Sam Williamson, a senior economist for First American Financial Corporation, appeared to agree that the latest inflation numbers are an encouraging sign for the central bank but not enough to call for a March interest-rate cut. Plus, the Fed has something to watch out for: tariffs.
“The impact of new tariffs likely hasn’t materialized yet, leaving uncertainty around inflation as we approach spring, supporting the Fed’s cautious approach in the coming months,” Williamson said in a statement.
Back in June 2022, inflation reached 9.1%, a four-decade high. The central bank tightened its monetary policy to tame scorching hot inflation, and only entered its loosening cycle in September 2024. The Fed and its chair, Jerome Powell, have since signaled a more cautious approach to monetary policy. Still, prices are no longer increasing as rapidly, and inflation is closer to the central bank’s 2% target, where it considers prices to be stable. But in January, Trump claimed that “inflation is back.” That month, consumer prices rose 3% from a year earlier, hotter than expected.
Trump claimed he had nothing to do with inflation at the time.
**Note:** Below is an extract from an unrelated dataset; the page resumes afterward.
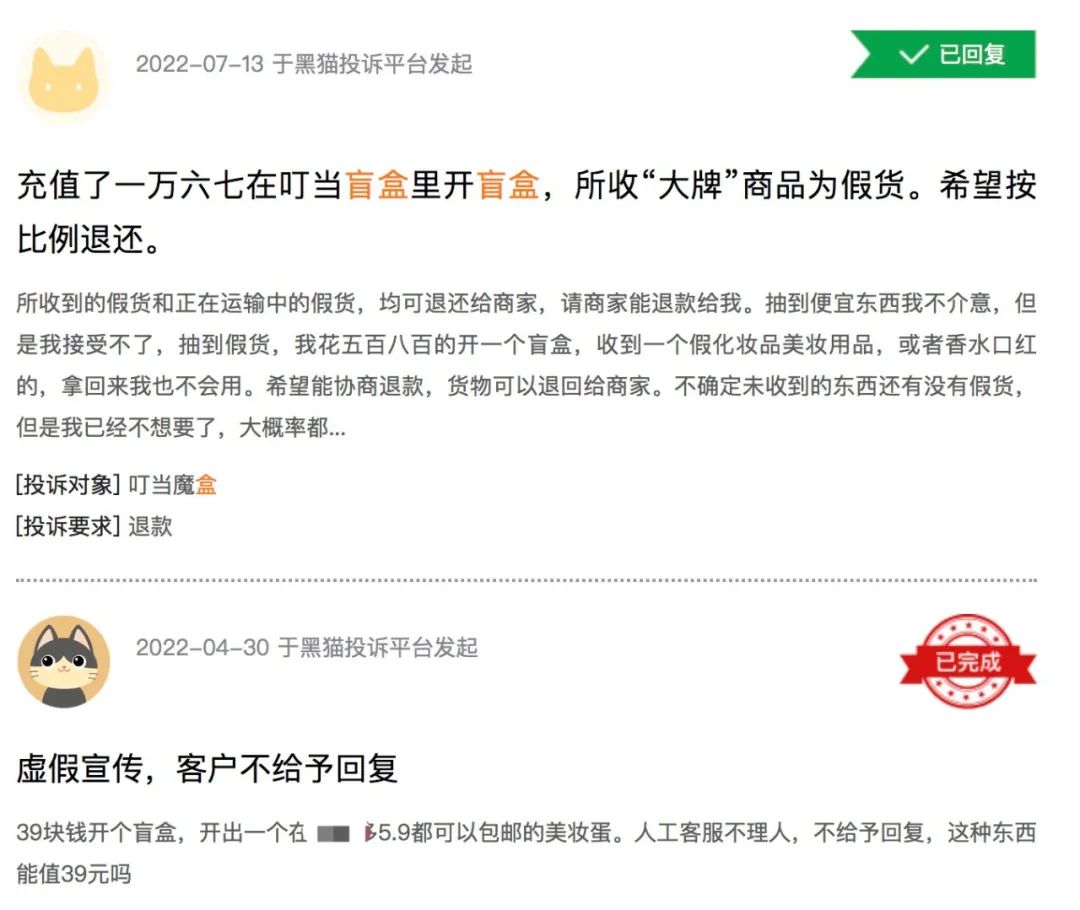 《化妆品观察》查询各平台如新浪旗下消费者服务平台黑猫投诉、小红书了解到,不少消费者曾投诉美妆盲盒中出现的假货、虚假宣称不发货等问题。

But his press secretary, Karoline Leavitt, chimed in on the latest inflation data on Wednesday.
“Today’s CPI report shows inflation is declining and the economy is moving in the right direction under President Trump,” she wrote on X . Leavitt went on to claim Trump is “driving down costs” and the administration would continue to focus on fixing the “economic and inflation nightmare” left by the prior administration.
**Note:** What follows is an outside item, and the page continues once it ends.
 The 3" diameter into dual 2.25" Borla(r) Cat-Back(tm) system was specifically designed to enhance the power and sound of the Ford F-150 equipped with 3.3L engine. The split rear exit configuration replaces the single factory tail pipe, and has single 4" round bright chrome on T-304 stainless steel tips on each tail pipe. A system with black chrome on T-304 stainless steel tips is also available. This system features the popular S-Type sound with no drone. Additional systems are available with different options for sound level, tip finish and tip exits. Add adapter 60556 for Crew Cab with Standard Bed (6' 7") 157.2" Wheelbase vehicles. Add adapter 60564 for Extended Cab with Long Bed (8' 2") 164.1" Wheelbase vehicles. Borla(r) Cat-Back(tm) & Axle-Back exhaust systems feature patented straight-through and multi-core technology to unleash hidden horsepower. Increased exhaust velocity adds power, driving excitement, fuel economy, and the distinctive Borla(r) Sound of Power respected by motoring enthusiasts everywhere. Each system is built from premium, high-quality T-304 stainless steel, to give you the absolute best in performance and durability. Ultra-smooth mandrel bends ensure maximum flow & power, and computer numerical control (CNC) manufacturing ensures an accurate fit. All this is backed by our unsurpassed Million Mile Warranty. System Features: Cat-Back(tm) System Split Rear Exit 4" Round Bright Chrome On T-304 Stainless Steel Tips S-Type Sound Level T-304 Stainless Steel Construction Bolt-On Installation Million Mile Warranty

Still, it might be too soon to declare victory over inflation or assume we’re out of the proverbial woods while there is uncertainty surrounding tariffs, whether it be via pauses, brand-new threats, or actual impositions. Regardless of tariff unpredictability, the consensus among economists is that American companies—when forced to pay tariffs—pass those costs on to consumers.
“The dizzying back-and-forth over tariffs is a large and unpredictable upside risk to the inflation outlook,” Bill Adams, chief economist at Comerica Bank, said in a statement. “The policy changes day to day and minute to minute, but the high-level takeaway is that tariff rates look likely to be higher in the second half of 2025 than they were in the first.”
Higher tariffs increase the cost of imported consumer goods and input costs for businesses that provide services, he explained.
Adams called tariffs “an unpredictable wild card.”